Cadbury's purple mark and Mattel's Scrabble tile mark are tricky to register

The Court of Appeal has recently handed down judgements in Société des Produits Nestlé SA v Cadbury UK Limited and JW Spear & Sons Limited, Mattel Inc & Mattel UK Limited v Zynga Inc, which emphasise the importance of complying with the conditions of Article 2 of the Trade Marks Directive 2008/95/EC as being a “sign” capable of graphic representation.

Nestlé v Cadbury

Nestlé appealed to the Court of Appeal following the registration of a trade mark by Cadbury's, which was described as “the colour purple (Pantone 2685C)…applied to the whole visible surface, or being the predominant colour applied to the whole visible surface, of the packaging of the goods”.  The Court allowed the appeal and overturned the High Court decision which had found the mark capable of registration for certain milk chocolate products for which it had acquired distinctiveness.

As the description referred not only to the colour purple, but also the “predominate colour”, the Court found that there was an unknown number of signs in the description and therefore the description did not constitute a sign that was graphically represented.  The Court also found that the mark applied for lacked clarity and precision and was therefore too uncertain to be registered.  Furthermore, the Court said that it would “offend against the principle of fairness by giving a competitive advantage to Cadbury and by putting Nestlé and its other competitors at a disadvantage”.

It remains to be seen whether Cadbury will seek leave to appeal to the Supreme Court.

Spear & Mattel v Zynga

Mattel's claim against Zynga was for the infringement of the mark in connection with the exploitation of a digital game, SCRAMBLE WITH FRIENDS. Zynga challenged the validity of Mattel's tile trade mark, that consisted of a 3D ivory tile which showed a letter and a number ranging from 1 to 10, which had been registered in association with the word game SCRABBLE.

Zynga applied for summary judgement, which was successful.
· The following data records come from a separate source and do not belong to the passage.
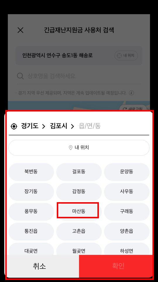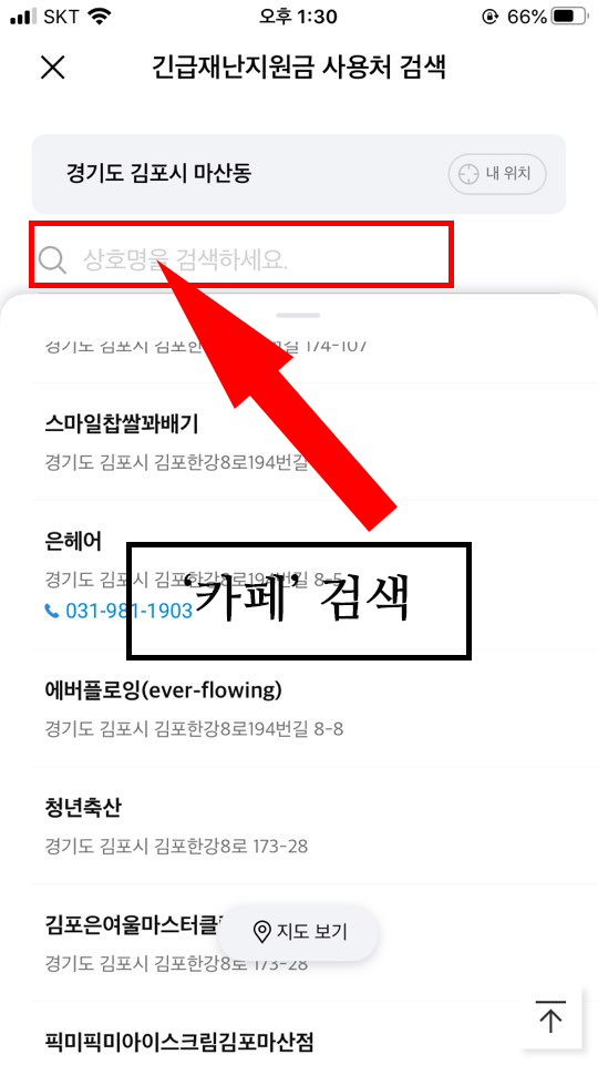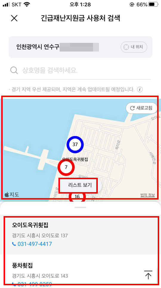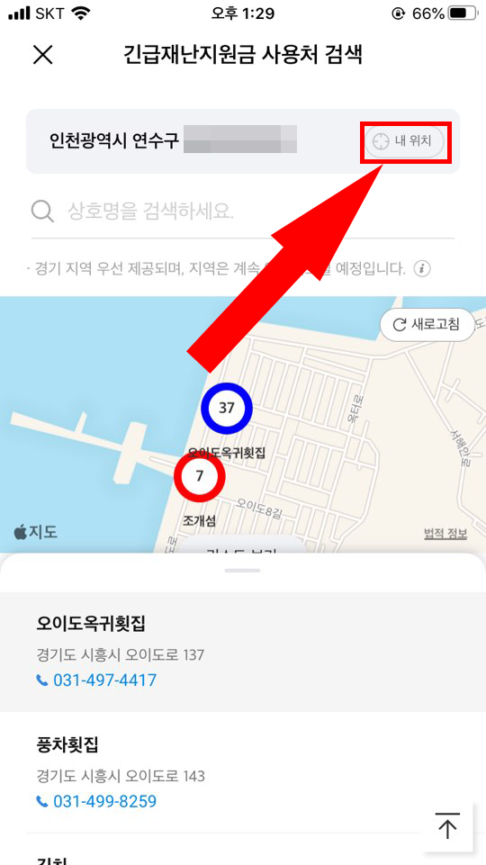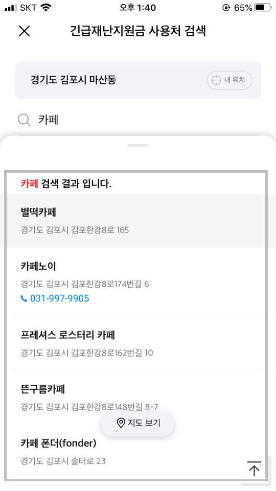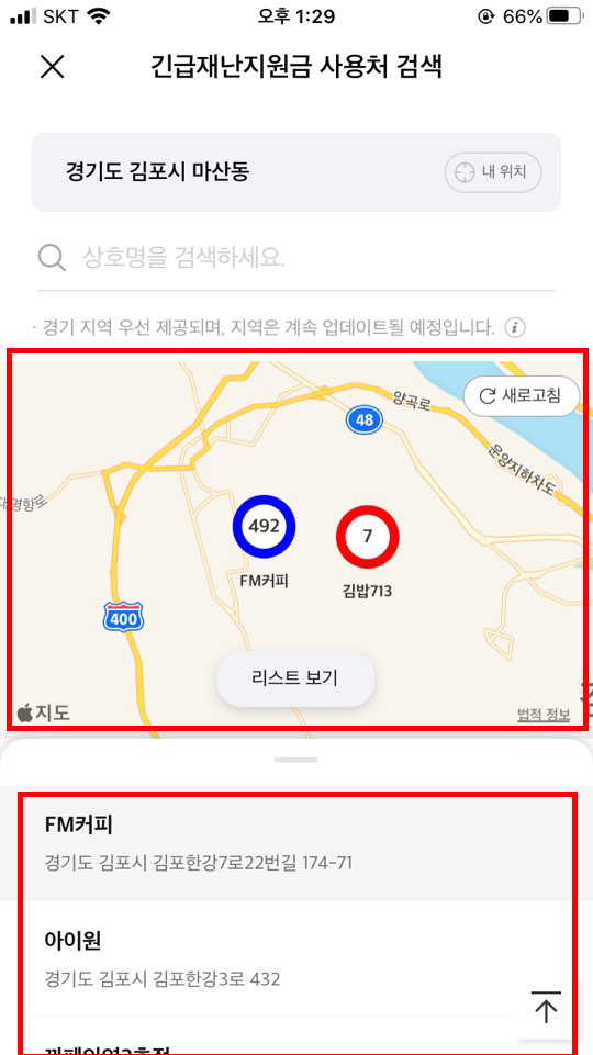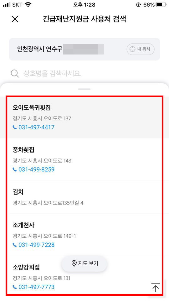 내 위치와 가까운 지역의 사용처 정보가 화면에 나타납니다.
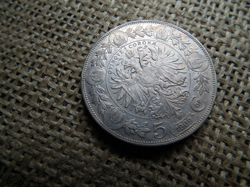 Ezüst 5 corona 1909 , korona , schwartz fej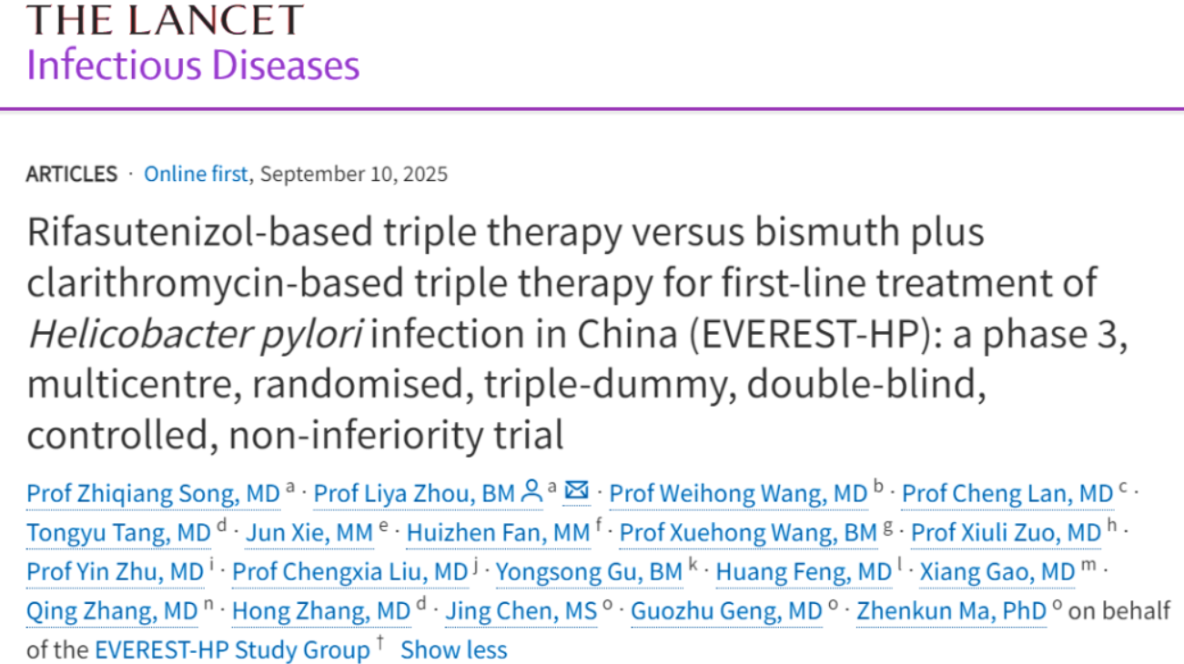 北京大學(xué)第三醫(yī)院消化科周麗雅/宋志強(qiáng)教授團(tuán)隊帶領(lǐng)全國40家醫(yī)療機(jī)構(gòu)消化疾病診療中心研究發(fā)現(xiàn),含利福特尼唑的三聯(lián)方案,讓幽門螺桿菌治療有望重新回歸更簡便的三聯(lián)方案時代,為全球幽門螺桿菌感染者帶來了全新的治療選擇。相關(guān)成果日前于《柳葉刀-感染病學(xué)》在線發(fā)表。[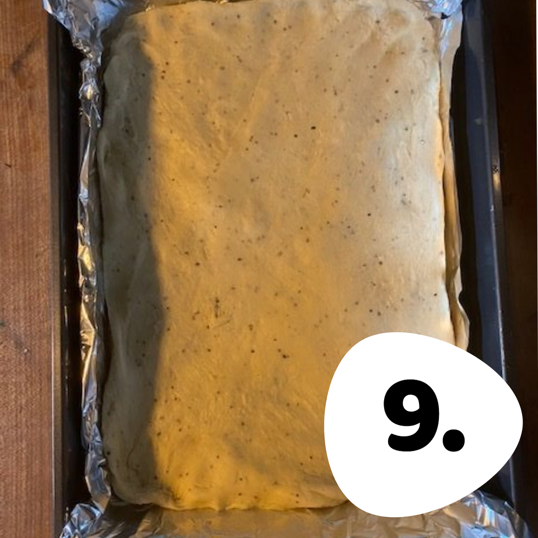 7. While your oven is preheating, lightly press the dough into the prepared baking dish and cover to let rise for 10-15 minutes.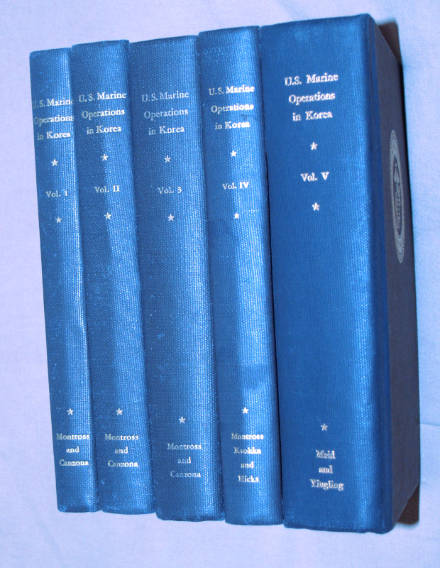 | 16328 | Montross, Lynn & others | U. S. Marine Operations In Korea 1950-1953 | Historical Branch, G-3 Headquarters U. S. Marine Corps | Good. Owner's names inside. Light soiling and wear. | The U. S. Marine Corps in the Korean war. There are many maps, b&w photos, appendices, bibliography and an index. Vol. 1, The Pusan Perimeter, Vol. 2, The Inchon-Seoul Operation, Vol. 3, Thke Chosin Reservoir Campaign, Vol. 4, The East-Central Front, Vol. 5, Operations in West Korea. | Korea, Korean War, USMC | $200 |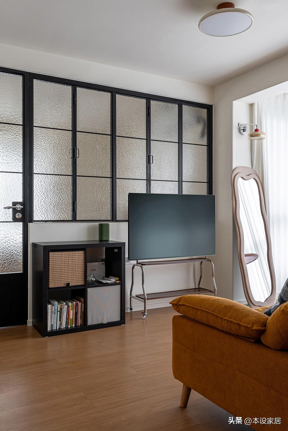 客廳與臥室之間使用黑鋼玻璃做隔斷,劃分不同功能空間的同時,視覺顯大又通透,對於小戶型來說值得借鑑。

The registration of the tile was invalid as it was not a sign capable of graphic representation because the letters could be arranged in a number of ways and, similarly to the Cadbury's case, there was a lack of clarity and precision.  Mattel appealed the decision.

The Court of Appeal dismissed Mattel's appeal.

Key points to take away from this, include:

  • Colours can be registered as trade marks if they are distinctive of the goods or services of a brand, but registration will be scrutinised by the courts and should not be overly broad.
  • Avoid any uncertainty, for example by avoiding using words such as “predominately”.  Specific quantities/percentages might be used instead.
  • For certainty and precision, trade mark applications should not have the potential to monopolise a number of different versions of the sign.